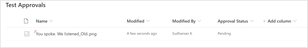 Once the above settings are enabled, you should be able to see the Approval Status column added to the default view of the library.
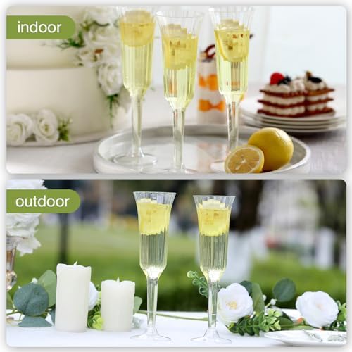 Disposable Convenience: Crafted for effortless entertaining, these disposable champagne glasses ensure a hassle-free cleanup, so you can focus on enjoying the event without worrying about washing dishes.
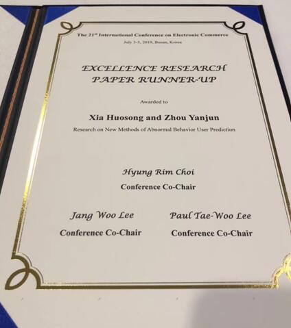 ICEC电子商务国际会议自1998年召开以来,在全世界主办了21次,该会议是一个非营利性的科学组织,旨在为电子商务及相关领域的研究人员和从业人员提供知识交流平台与合作的机会。本次会议的投稿接近200篇左右,会议对论文进行了评选和颁奖,其中优秀论文奖3篇,创新论文奖3篇。夏火松和周彦君的论文《Research on New Methods of Abnormal Behavior User Prediction》获得了优秀论文奖。夏火松团队参加此会议并在会议上作学术报告,有助于参会人员及时了解、掌握电子商务领域的前沿现状,同时对提高williamhill官网在国内外的影响力做出了贡献。
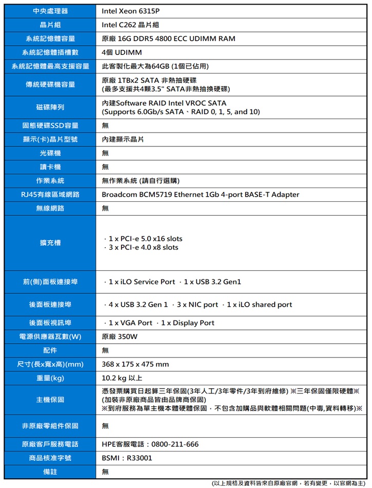 產品編號:HPE ML30 Gen11 (6315P/16G/1TBx2/350W/FD)
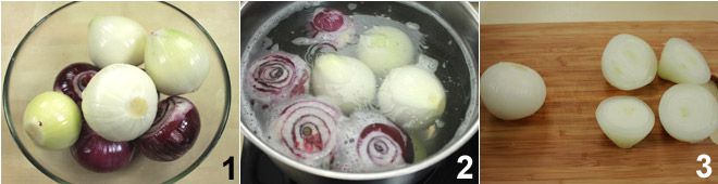Para preparar las cebollas al horno, comienza pelando y limpiando las cebollas 1, luego hiérvelas durante 7/8 minutos en abundante agua salada 2. Escúrrelas y córtalas por la mitad con un cuchillo afilado 3.
● ● ● ●
▶ _EXERCISE_: For this exercise, return the data above exactly and leave every picture out.

▶ _RESPONSE TO THE EXERCISE_:
 Once the above settings are enabled, you should be able to see the Approval Status column added to the default view of the library.
 Disposable Convenience: Crafted for effortless entertaining, these disposable champagne glasses ensure a hassle-free cleanup, so you can focus on enjoying the event without worrying about washing dishes.
 ICEC电子商务国际会议自1998年召开以来,在全世界主办了21次,该会议是一个非营利性的科学组织,旨在为电子商务及相关领域的研究人员和从业人员提供知识交流平台与合作的机会。本次会议的投稿接近200篇左右,会议对论文进行了评选和颁奖,其中优秀论文奖3篇,创新论文奖3篇。夏火松和周彦君的论文《Research on New Methods of Abnormal Behavior User Prediction》获得了优秀论文奖。夏火松团队参加此会议并在会议上作学术报告,有助于参会人员及时了解、掌握电子商务领域的前沿现状,同时对提高williamhill官网在国内外的影响力做出了贡献。
 產品編號:HPE ML30 Gen11 (6315P/16G/1TBx2/350W/FD)
Para preparar las cebollas al horno, comienza pelando y limpiando las cebollas 1, luego hiérvelas durante 7/8 minutos en abundante agua salada 2. Escúrrelas y córtalas por la mitad con un cuchillo afilado 3.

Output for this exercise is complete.